Looking forward, the media company is taking various strategic initiatives in order to diversify its business. It is enhancing its broadcasting business through adding new revenue streams. It has recently acquired cars.com for $1.8 billion. Cars.com has potential product suit that should enhance growth for its digital business. It is indeed an outstanding acquisition as cars.com has grown at the compounding annual growth rate of 20% since 2006-2013. The company earlier bought six television stations of London Broadcasting.

These acquisitions should help the company offset the low-margin newspapers to a high-level multi-media mode and drive its growth going forward. Moreover, Gannett is transforming its business into multi-platform media universe with Internet comprising mobile, social media networks and outdoor video advertising that should add value to its digital business and accelerate its growth in the long-run.

In addition, the company continues to win market share in its digital business that grew 4.4% to $199.8 million on the back of strong online advertisement. It is seeing acceleration in its Digital Marketing business and CareerBuilder. Moreover, the company is effectively customizing the search and social products. It is concentrating on enlarging its products to better align its products and services to meet their needs and enhance results for them. It has various products such as D/O digital that is gaining traction.

It has also recently launched mobile shopping app Key Ring Express that should win many new clients for the company and add value to its digital portfolio of products. Also, the job listing site is making significant contribution to its digital business. Gannett has more than 120 domestic websites that are affiliated with its publishing and television properties such as USA TODAY, Gannett Government Media and Gannett Healthcare Group.

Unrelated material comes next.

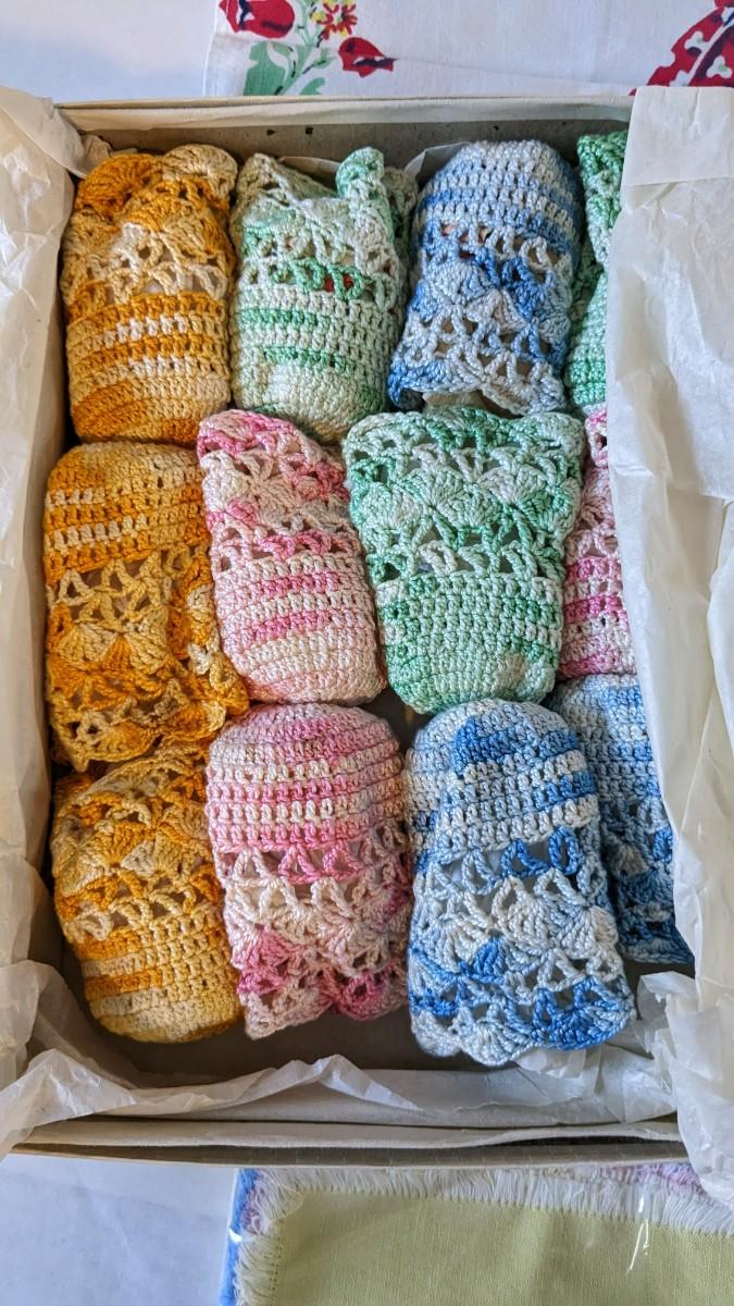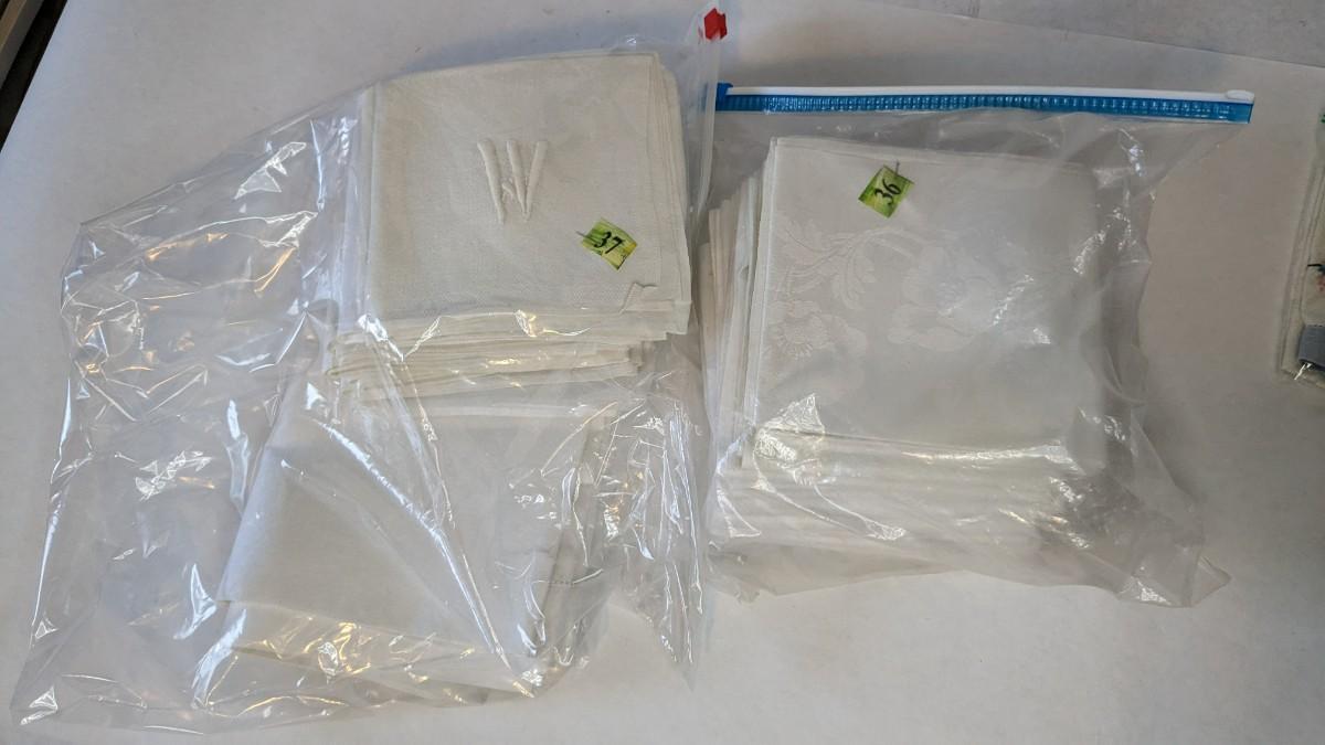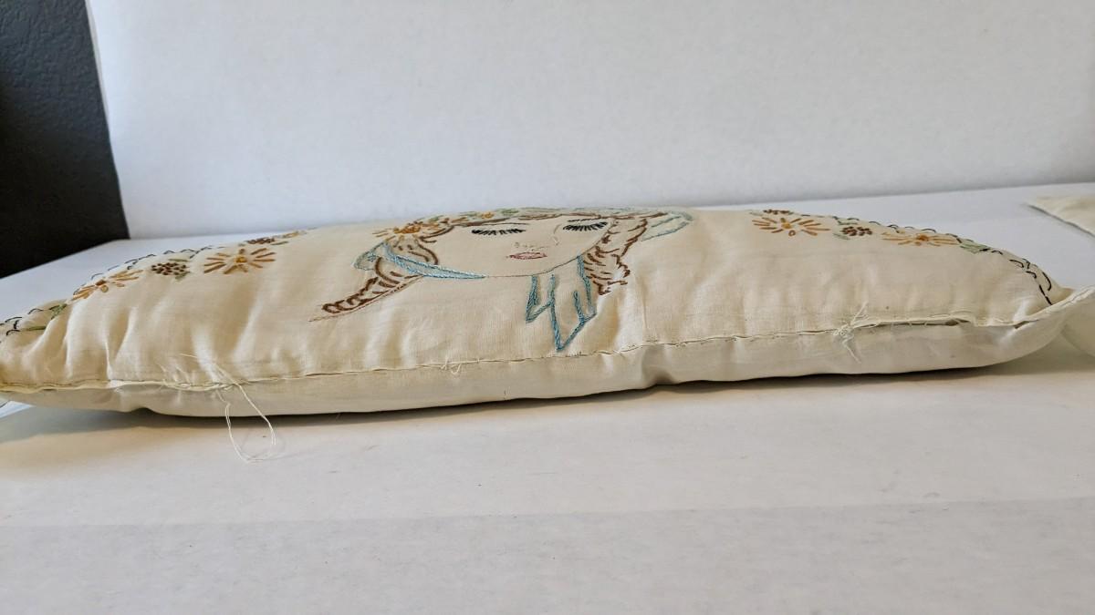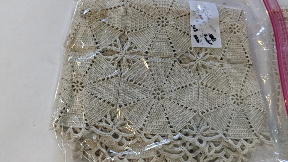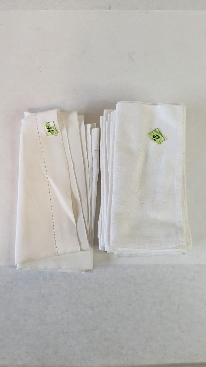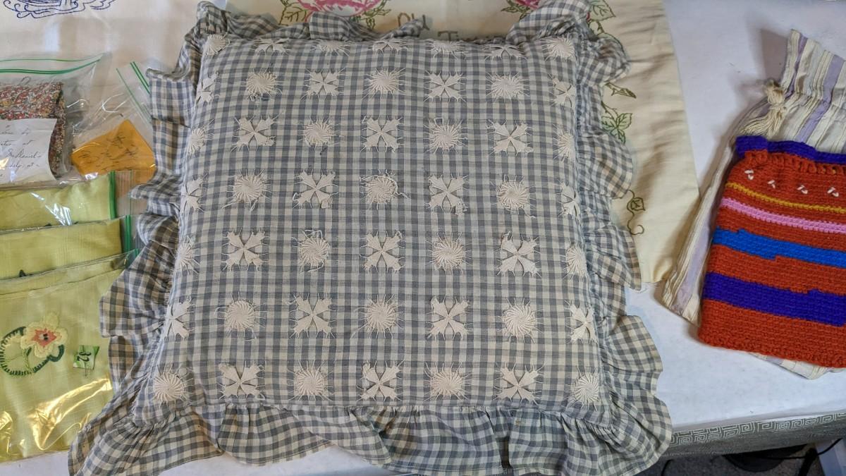Includes pillows, pillow cases, napkins, tea towels, table clothes, fun little soda koozies, laundry bags, a lovely mix of cotton, satin, silk, and more. Also includes a few lace pieces that appear to be table runners. A really incredible assortment.

Gannett is additionally observing strong political ad-campaign spending in the fourth quarter that should enhance its performance. Also, its broadcasting unit continues to gain market share, driven by strong portfolio of television stations. Gannett currently provides service to approximately 46 TV stations. Its broadcasting segment will certainly enhance its growth as the company is effectively integrating Belo and cars.com broadcasting and digital offerings with its business. The broadcasting business grew 105% to $416.5 million for the third quarter. Moreover, it is seeing significant growth in its retransmission revenue as the TV companies pay retransmission fees to Gannett for the rights to carry its stations. This should certainly enhance its performance going forward. The retransmission revenue grew 61% during the fourth quarter.

However, it is seeing a slowdown in its publishing segment that declined 3.6% to $858.1 million as more and more advertisement campaigns shift to digital media. Gannett is also planning to divide its business into two separate publicly traded companies – one concentrated on publishing and its fast-growing digital components and another includes its higher-growth, higher-margin broadcast and digital businesses. The company believes that stand-alone companies will be in better position to concentrate and effectively can realign their resources so as to drive its growth in the long run.

Conclusion

Gannett certainly looks a great pick as the company is adding more and more revenue streams that will undeniably enhance its performance in the long run. Also, it is now integrating Belo and cars.com to its business portfolio that should assist the company to win extra market share. The stock is currently trading at the trailing P/E of 15.45 and forward P/E of 12.62 that signifies a fair valuation for the stock that has a lot of rooms to grow in the future. Besides, its PEG ratio of 1.16 continues to support its growth over the long-term. Moreover, the analysts have forecasted CAGR of 10.00% for the next five years that indicate remarkable growth prospects for the company in the long run.